■ Input data ■
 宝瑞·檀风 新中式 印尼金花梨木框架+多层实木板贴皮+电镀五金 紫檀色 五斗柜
* * *
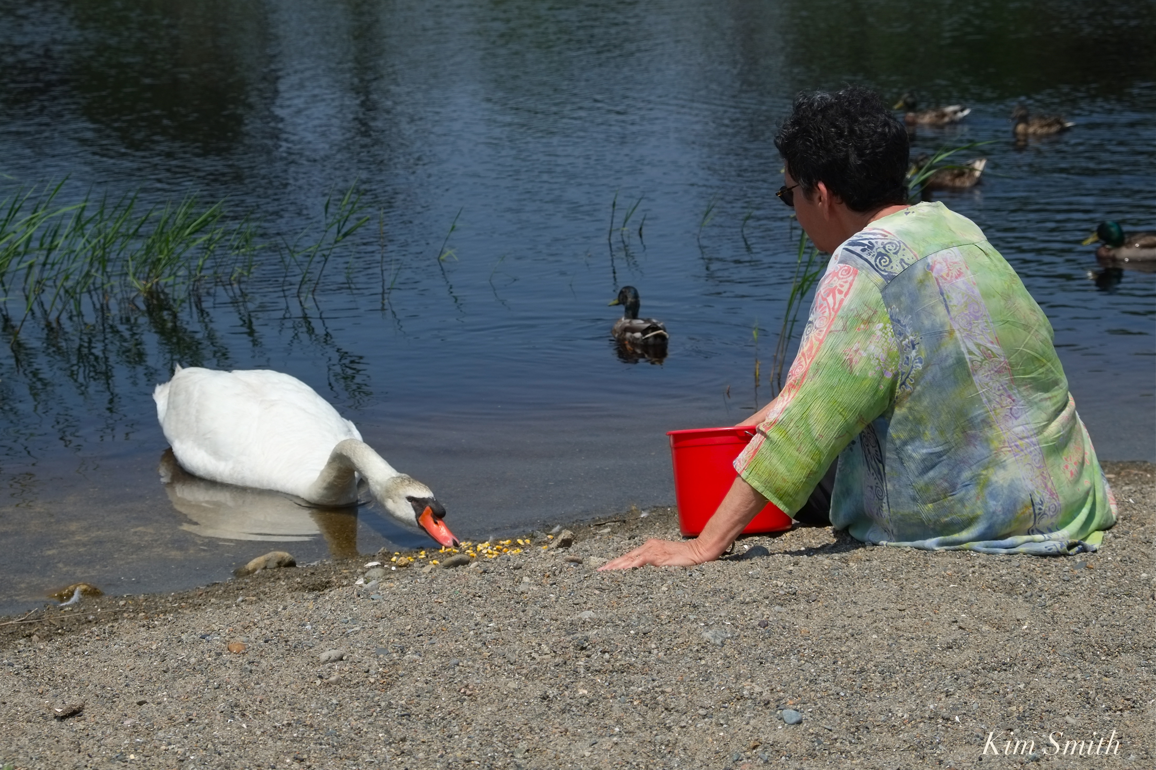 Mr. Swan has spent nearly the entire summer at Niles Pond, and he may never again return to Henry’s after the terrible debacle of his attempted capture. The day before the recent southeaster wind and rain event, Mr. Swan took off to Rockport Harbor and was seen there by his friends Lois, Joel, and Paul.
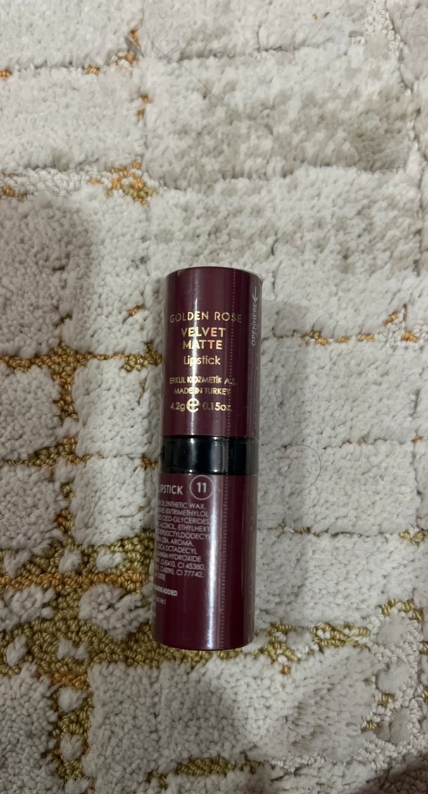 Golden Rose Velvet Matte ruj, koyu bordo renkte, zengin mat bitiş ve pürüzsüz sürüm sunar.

■ Exercise prompt ■
Produce an exact reproduction of the listing above, limited to the lines starting at the line with "Mr. Swan has" and ending at the line with "Golden Rose Velvet", both kept, with every picture left out.

■ Task solution ■
 Mr. Swan has spent nearly the entire summer at Niles Pond, and he may never again return to Henry’s after the terrible debacle of his attempted capture. The day before the recent southeaster wind and rain event, Mr. Swan took off to Rockport Harbor and was seen there by his friends Lois, Joel, and Paul.
 Golden Rose Velvet Matte ruj, koyu bordo renkte, zengin mat bitiş ve pürüzsüz sürüm sunar.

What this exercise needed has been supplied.